++++ Data below ++++

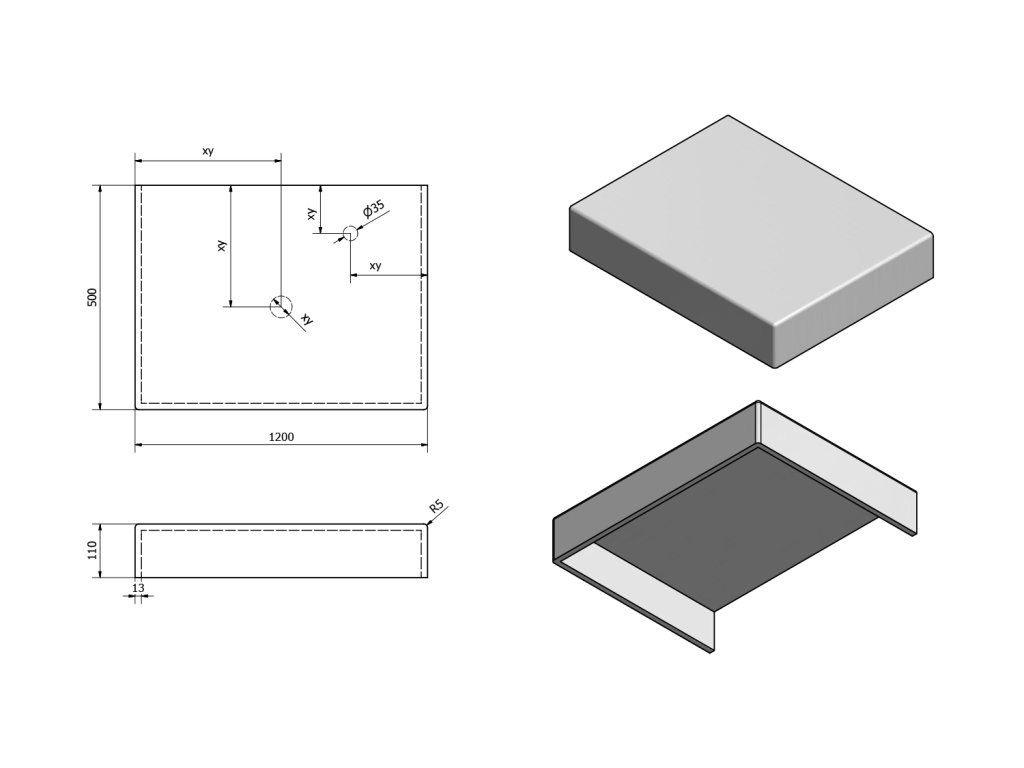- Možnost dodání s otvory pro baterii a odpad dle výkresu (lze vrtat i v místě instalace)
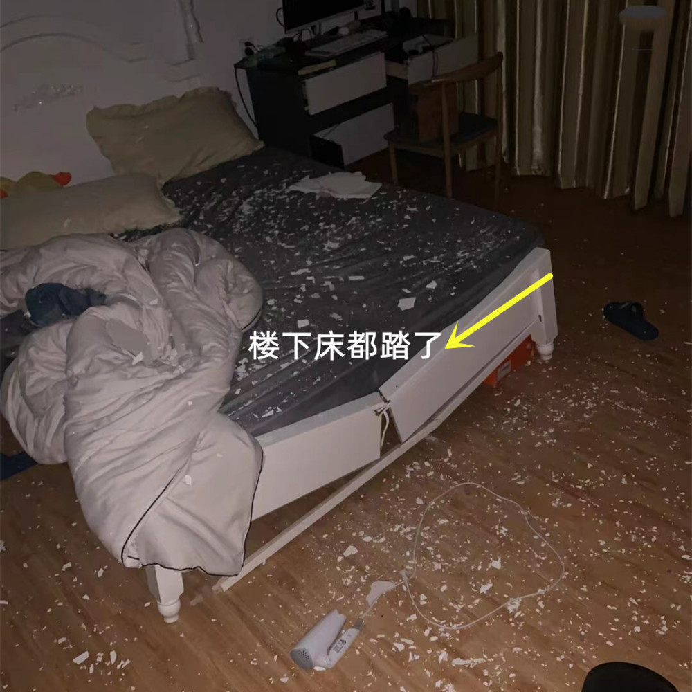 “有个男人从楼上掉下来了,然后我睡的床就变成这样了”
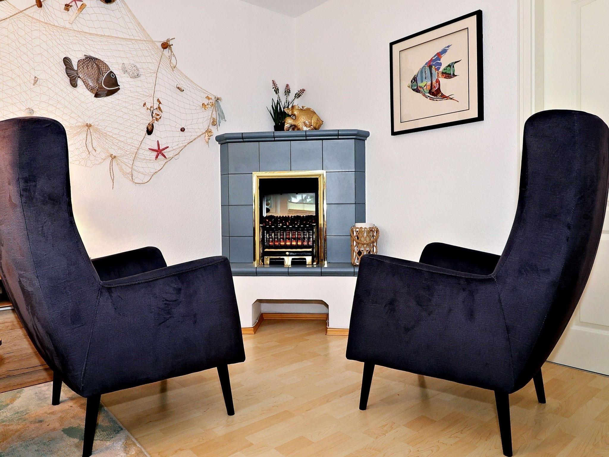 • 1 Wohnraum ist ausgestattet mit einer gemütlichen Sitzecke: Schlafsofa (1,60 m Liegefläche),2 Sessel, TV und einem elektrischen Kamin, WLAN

++++

- **Task item**
Could you write out every line above exactly as it stands, with no images?

- **Answer section**
- Možnost dodání s otvory pro baterii a odpad dle výkresu (lze vrtat i v místě instalace)
 “有个男人从楼上掉下来了,然后我睡的床就变成这样了”
 • 1 Wohnraum ist ausgestattet mit einer gemütlichen Sitzecke: Schlafsofa (1,60 m Liegefläche),2 Sessel, TV und einem elektrischen Kamin, WLAN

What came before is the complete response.